Complete the script to check the system statistics every 60 seconds, and in event of any issues detected among the ones mentioned above, an email should be sent with the following content:

* From: automation@example.com
* To: username@example.com -- Replace username with the username given in the Connection Details Panel on the right hand side.
* Subject line:
```
    CPU usage is over 80%                                              Error - CPU usage is over 80%
    Available disk space is lower than 20%                             Error - Available disk space is less than 20%
    available memory is less than 500MB                                Error - Available memory is less than 500MB
    hostname "localhost" cannot be resolved to "127.0.0.1"             Error - localhost cannot be resolved to 127.0.0.1
```
* E-mail Body: Please check your system and resolve the issue as soon as possible.
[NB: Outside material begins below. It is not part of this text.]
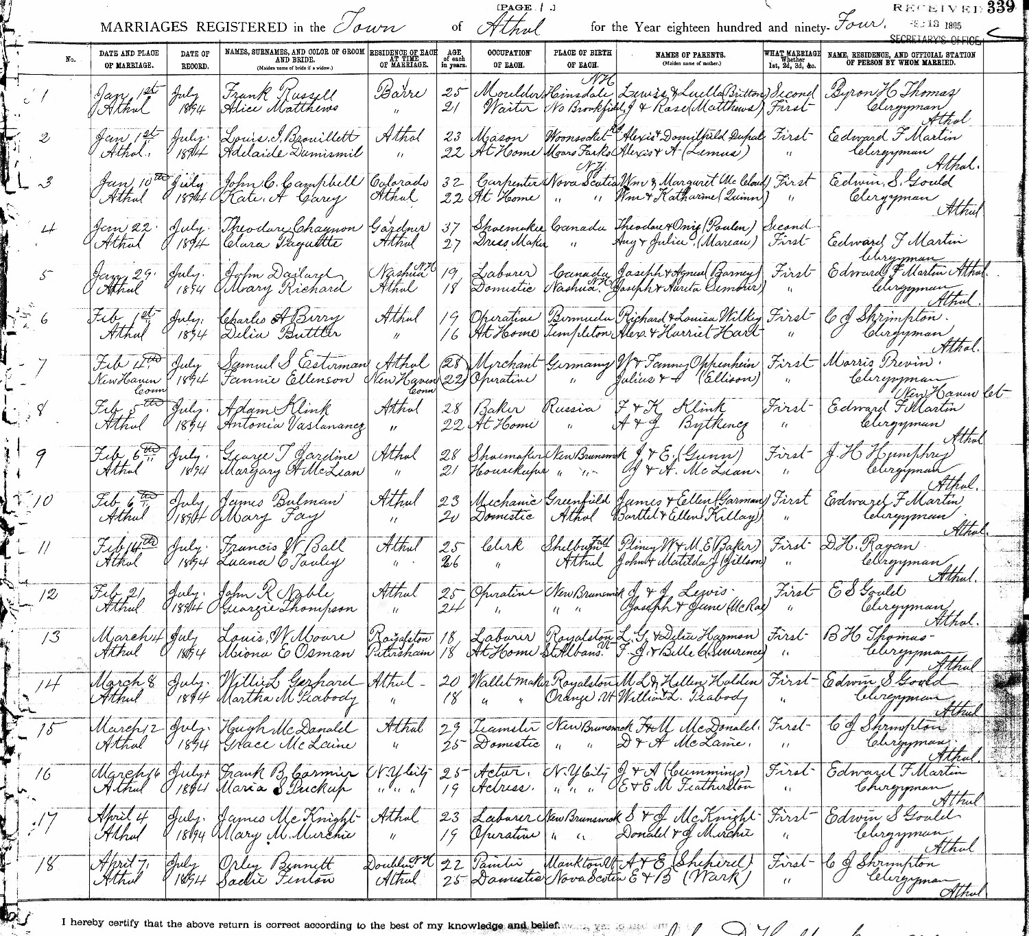 Frank Baruch Cormier (age 25) a bachelor, and May Uhl/Buckley (age 19), a maiden, were married May 16, 1894, in Athol, Worcester Co., MA.

> Note: There is no attachment file here, so you must be careful while defining the generate_email() method in the emails.py script or you can create a separate generate_error_report() method for handling non-attachment email.


In [12]:
#!/usr/bin/env python3

import psutil
import shutil
import socket
import sys
import emails

def health_check():
    CPU_percent = psutil.cpu_percent()
    disk_usage = psutil.disk_usage('/').percent
    avail_mem = psutil.virtual_memory().available/ 1024 ** 2 
    local_host = socket.gethostbyname('localhost')

    conditions=[0,0,0,0]

    if CPU_percent > 80: conditions[0] = "Error - CPU usage is over 80%"
    if disk_usage < 0.2: conditions[1] = "Error - Available disk space is less than 20%"
    if avail_mem < 500: conditions[2] = "Error - Available memory is less than 500MB"
    if local_host != "127.0.0.1": conditions[3] = "Error - localhost cannot be resolved to 127.0.0.1"

    return conditions

def send_email(conditions):
    sender = "automation@example.com"
    receiver = "{}@example.com".format(os.environ.get('USER'))
    subject = " & ".join(str(condition) for condition in conditions if condition != 0)
    body = "Please check your system and resolve the issue as soon as possible."
    message = emails.generate(sender, receiver, subject, body, "/tmp/processed.pdf")
    emails.send_email(message)


def main(argv):
    conditions = health_check()
    if conditions != [0,0,0,0]:
        send_email(conditions)

if __name__ == "__main__":
    main(sys.argv)

Error - CPU usage is over 80%


Next, go to the webmail inbox and refresh it. There should only be an email something goes wrong, so hopefully you don't see a new email.

To test out your script, you can install the stress tool.

`sudo apt install stress`

Next, call the tool using a good number of CPUs to fully load our CPU resources:

`stress --cpu 8`

Allow the stress test to run, as it will maximize our CPU utilization. Now run health_check.py by opening another SSH connection to the linux-instance. Navigate to Accessing the virtual machine on the navigation pane on the right-hand side to open another connection to the instance.

Now run the script:

`./health_check.py`

Check your inbox for any new email.

Open the email with the subject "Error - CPU usage is over 80%" by double clicking it.

Close the stress --cpu command by clicking Ctrl-c.

Now, you will be setting a cron job that executes the script health_check.py every 60 seconds and sends health status to the respective user.

To set a user cron job use the following command:

`crontab -e`

Enter 1 to open in the nano editor. Now, set the complete path for health_check.py script, and save by clicking Ctrl-o, Enter key, and Ctrl-x.